Anyway, where I was going with all this, was that today, I missed the pomp and circumstance of a Roman Catholic Easter Mass. I missed sitting in the dark, listening to the Exsultant, getting goosebumps. I missed the sense of community that I had with the little church congregation that I shared this ritual with for the last 15 years. This year, the parish decided that they didn't need a Morning Vigil, and only held the Easter Saturday night mass. And that is just one of the reasons the church pisses me off, and material for another blog post.

I did, however, complete the tradition of spending Easter Lunch at my Gran's, sharing food and great conversation with my very large family. I thoroughly enjoyed the day, even if I did miss my usual pre-dawn rising and sharing with the congregation. Life has to change, and we must change with it. There are new traditions - waking up with the boy, having a quiet chat about faith and love, watching kids smother themselves in chocolate and playing without a care in the world - and old traditions. We carry forward the ones we can, and remember the ones we cannot. Family, food, and fun will always be the centre of tradition - that is one thing that can not and will not EVER change.

And chocolate for breakfast will ALWAYS be acceptable on Easter and Christmas morning!

Thursday 28 March 2013

How to lose 2 kilos in 5 days.

You eat properly. You exercise a bit. You stop thinking so much about the numbers, and just do it.

I did it.

I will continue to do it.

Yes, I have strayed. Lunch with a friend, fundraising chockies on my desk for a week, and Easter gifts. I can't say no all the time, but I have said no more often in the last week than I would have in the past. I have said 'later'. And kept to it. Later came, and went, in some instances.

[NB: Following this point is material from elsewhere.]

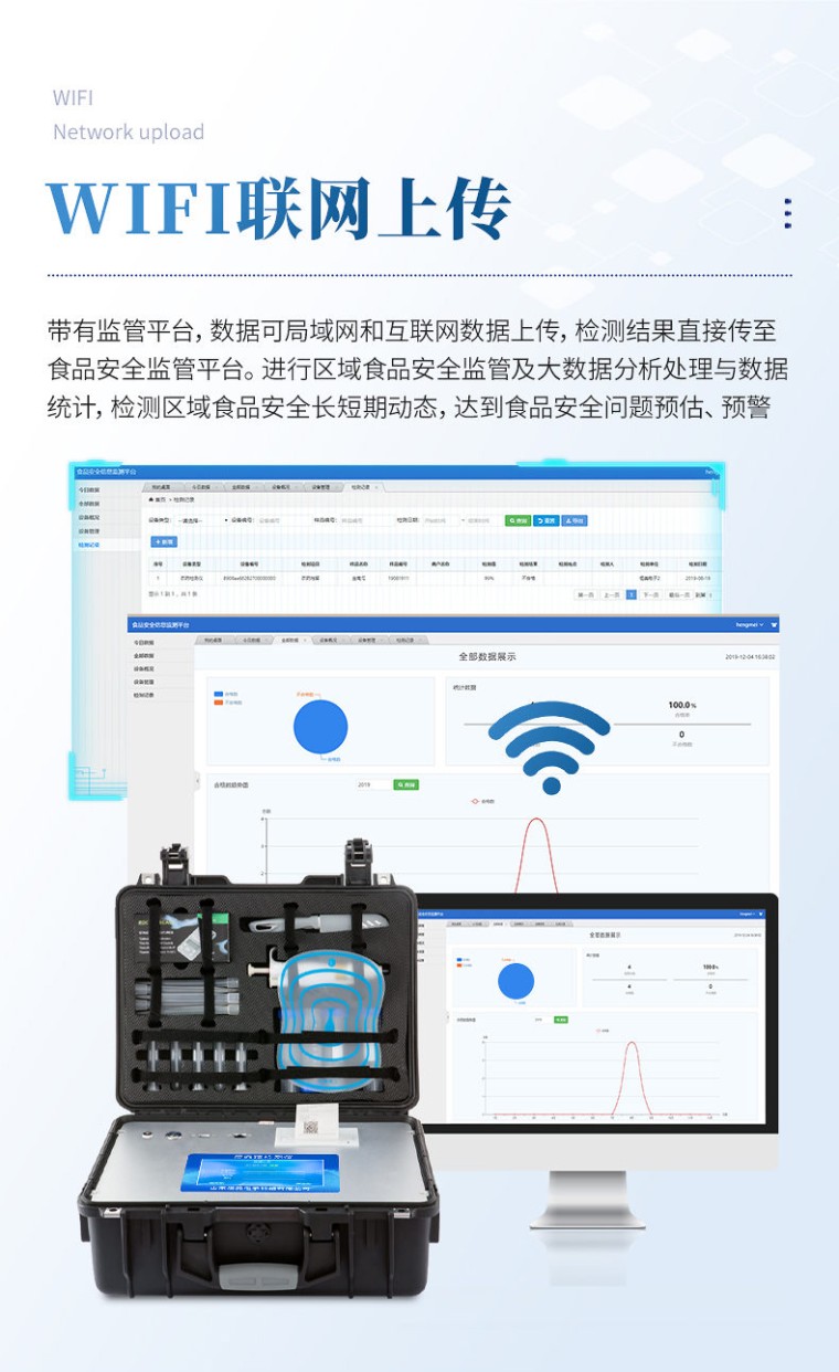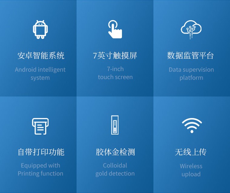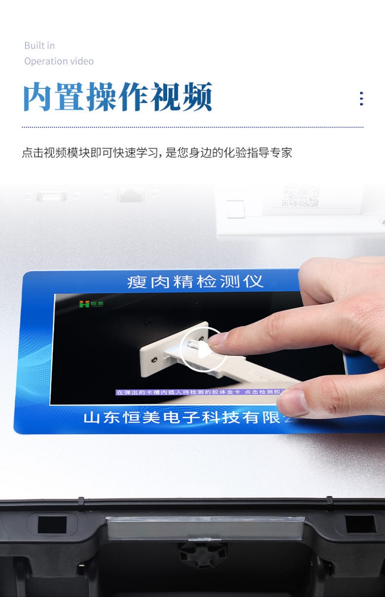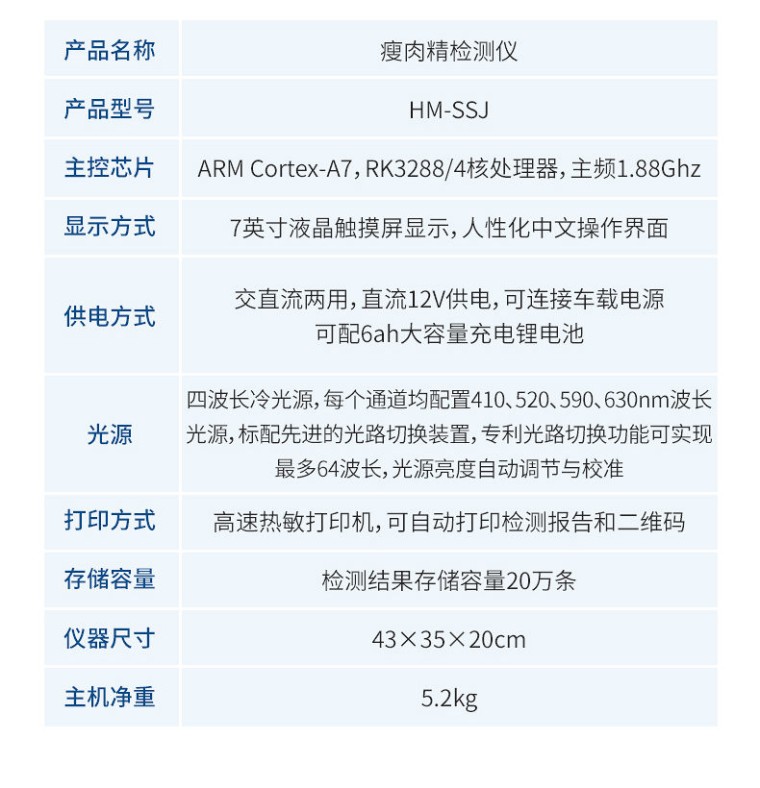 产品用途: 该瘦肉精检测仪器广泛应用于食药监局、卫生部门、医学院校、科研院所、农业部门、养殖场、屠宰场、食品肉产品深加工企业、检验检疫部门等单位使用。 应用范围: 瘦肉精检测仪器可现场快速检测盐酸克伦te罗、莱克多巴胺、沙丁胺醇、己烯雌酚、喹乙醇等。仪器预留其他项目检测程序和端口,根据日后需求可方便的自主增加检测项目。日后可升级为检测抗生素、兽药残留、动物疫病、病害肉、的综合类型仪器。 产品性能: 1、安卓智能操作系统,采用更加高效和人性化操作,仪器具有wifi联网上传、4G联网传输、GPRS无线远传、网线连接功能,快速上传数据。 2、智能化程度高,仪器具有自检功能:具有开机自检和调零功能,具有自动检测重复性功能。 3、新一代高速热敏打印机,检测完成可自动打印检测报告和二维码。 4、仪器带有监管平台,数据可局域网和互联网数据上传,检测结果直接传至食品安全监管平台。进行区域食品安全监管及大数据分析处理与数据统计,检测区域食品安全长短期动态,达到食品安全问题预估、预警 5、一体化便携式快检设备,满足现场及流动检测使用需求,能够在同一软件下实现所有检测项目的检测,并可通过同一窗口直观显示检测结果。 6、胶体金模块检测方式:轨道式自动传输扫描,检测完成后自动退出检测卡。 7、仪器内置摄像头拍照,可显示金标卡实时图像,系统自动分析并呈现出CT曲线图,CT线自动识别,无需手动调整。 8、仪器具有品类多种类样品菜单库,可灵活选择检测样品,不同的检测通道可同时检测不同的样品项目。 9、样品处理简单省力,整体操作快速、安全、便捷。 10、高灵敏度,高检测精度,高重复性精度,扫描式高精度光学传感器。 11、内置强大的数据库,可在仪器上直接选择样品名称、检测指标、送检单位等信息,也可在仪器上直接编辑录入样品名称、检测指标、送检单位等信息并保存进样品数据库。 12、仪器具有自身保护功能,可设置用户名及密码,防止非工作人员操作等。 13、仪器具有重新校准、锁定、恢复出厂设置功能。 14、结果判定线可修改,对照值标定值可保存,断电不丢失数据。 15、兼容市场上所有的胶体金卡,使用耗材不受限制,极大增强用户使用体验。 主要参数: 1、主控芯片采用ARM Cortex-A7,RK3288/4核处理器,主频1.88Ghz,运转速度更快速,稳定性更强。 2、显示方式:7英寸液晶触摸屏显示,人性化中文操作界面,读数直观、简单。 3、交直流两用,直流12V供电,可连接车载电源,可配6ah大容量充电锂电池,方便户外流动测试。 4、光源亮度自动调节与校准 5、智能恒流稳压,光强自动校准,长时间连续工作光源无温漂现象。。 6、内置新国家限量标准,与所测结果进行现场比对,并持续更新标准。 7、不间断进样,连续检测 8、样本编号自动累加。 9、检测项目可扩充。 10、检测结果可批量打印,批量上传。 11、检测结果为Excel表格,连接电脑即可拷贝。 12、检测结果存储容量20万条 13、支持U盘存储,标准USB接口,免驱动安装。 14、固件可升级

I've eaten dried fruit. I've eaten nuts. I've discovered that when I'm hungry, that feeling is actually thirst. There's a lot to be said for having a glass of water and waiting a few minutes. There's also a lot to be said for an Easter Egg on your desk that you've promised yourself you can eat at the end of the day after the prescribed snacks of stuff you wouldn't normally eat. And then walking out the door and forgetting the bloody egg and having to wait until the next day to eat it. God, I enjoyed that Egg!!!

Sunday 24 March 2013

I'm giving up.

Giving up and handing over.

Michelle Bridges is a wonderful, inspirational woman. Her program is easy to follow, spells everything out for you, and is everything you need to get going and lose weight.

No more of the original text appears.